Tomo Maesawa: Reflecting on a Commitment to Combat

Imagining a Halloween night in 2020 specifically would perhaps be the scariest thought in the holiday’s recent history. On that 31st day of October in Tokyo, Japan, the New Pier Hall housed MMA action inside the Deep Jewels cage. And the atomweight champion of the promotion, Tomo Maesawa, conquered the fears that had overtaken what was once her love.

“I’d been thinking about this last fight for a long time and right now I’m just really relieved that it’s over and I can put a period to what I’ve been doing,” Maesawa told MyMMANews on BROADENED HORIZIN. “One of the good things about the fight was that I have a lot of decision wins. But for this one, I was able to finish and end my career in a very good way and prove my abilities and strength. I was able to finish my career in a way where people still wanted to see more. So I think getting that finish for my last fight was a great thing. And right now, I’m just very relieved.”

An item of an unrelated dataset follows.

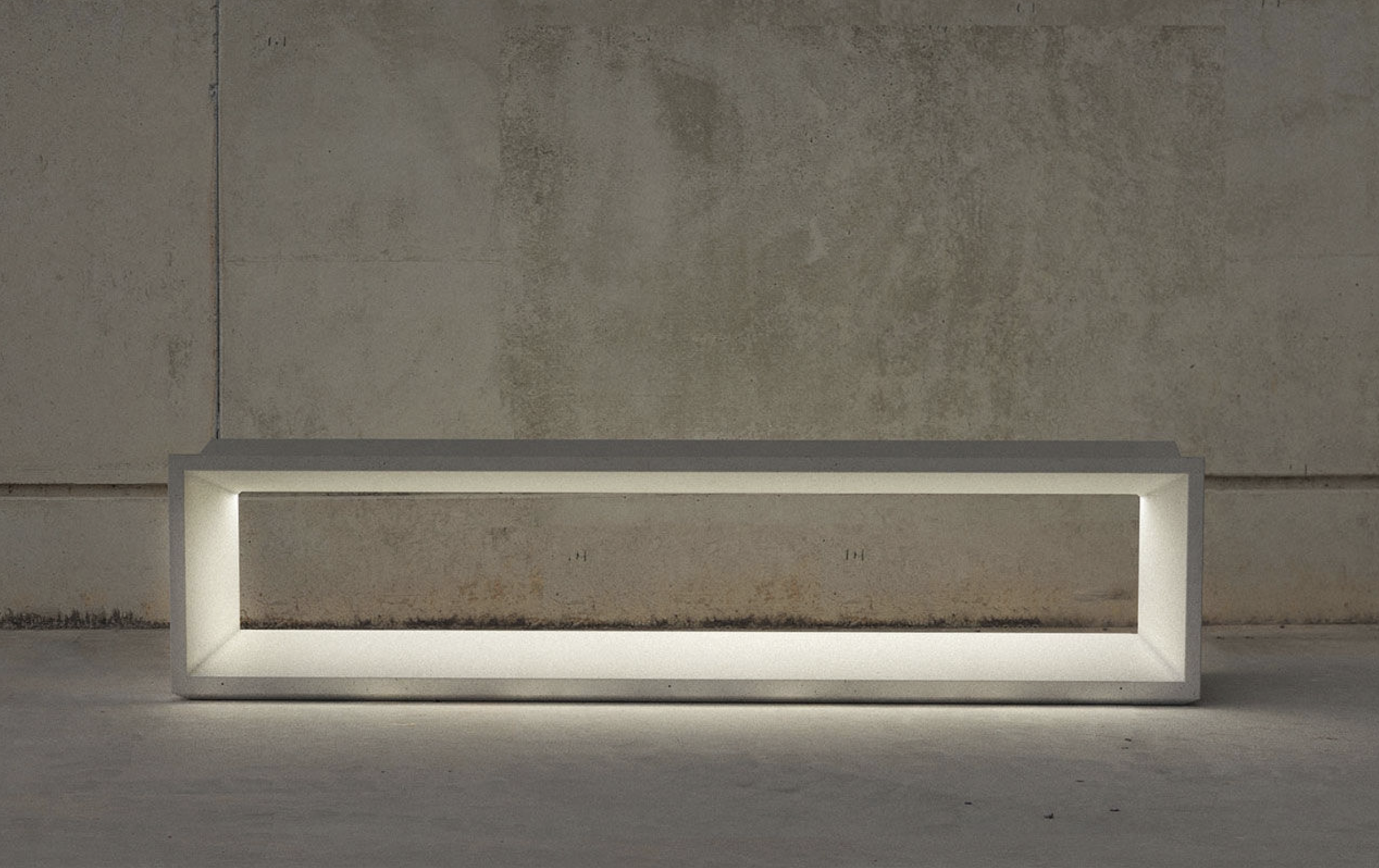 Collection consisting of bench and bollard or individual bench with lighting in solid concrete. The design of the elements aims to use straight lines, on the inside to create surfaces to project light and on the outside as a way to prevent the accumulation of water.
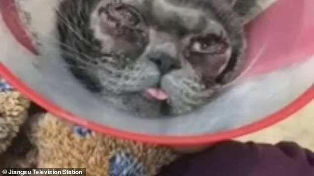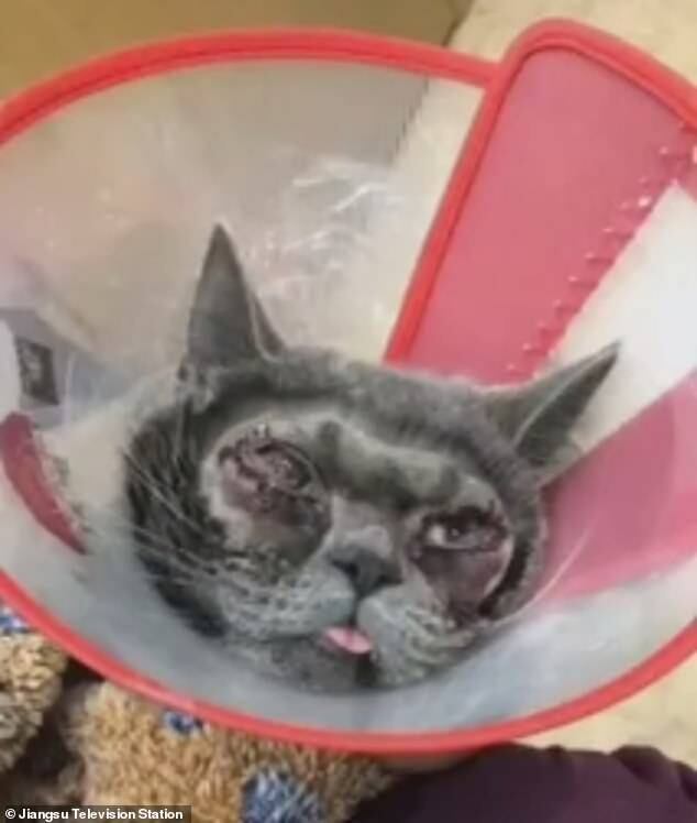 El hecho fue dado a conocer por el canal Jiangsu Television, en donde mostraron al felino con el rostro enrojecido e hinchado producto de la cirugía.

In the Deep Jewels 30 main event, the 32-year old Tomo Maesawa fought for the very last time in what was her 25th contest in eight years.

Beginning her career in 2012, the Reversal Gym Tachikawa ALPHA product was at an instant disadvantage. Standing at 4-foot-11, Maesawa was naturally one of the smallest in the 105-pound and 115-pound weight classes. Thus making her much more reliant on having to be a skilled competitor in every aspect of her game.

Maesawa started her journey by losing three straight, all of which came against opposition superior in experience. Names like Mika Nagano, Mina Kurobe, and Cortney Casey would mark learning experiences for the Aomori native. But quickly she began to find her footing in a loosely planted Deep Jewels promotion that was just starting to come together.

By the end of her run in the sport, Maesawa went 14-11 and took on any and all of the best challenges that her weight classes had to offer. In turn, she solidified herself as an important piece of the atomweight division’s history—whether she was ever touted by critics as the absolute best or not.

Maesawa and the world knew going into the Halloween showdown with Hikaru Aono that it would be her last time in action. And as a champion, the result was that of defending her title successfully one last time. The final bells sounded, and the traditional Japanese MMA retirement ceremony commenced as Maesawa was met with flowers and a video package featuring personal messages from several past opponents.

“It made me realize how fruitful my career was,” Maesawa said of the ceremony. “I was very blessed to be able to face such tough fighters, such great talent. I was very moved looking back at my career and facing all these great fighters. I was very satisfied with my career. Standing there listening to the final bells, I was able to think and look back at my career and I was just very grateful. I came to Tokyo from Aomori to become a fighter and at the time I was concerned. I wasn’t confident that I could do this, but I have absolutely no regrets, and I think I made the right choice of coming to Tokyo and becoming a professional fighter.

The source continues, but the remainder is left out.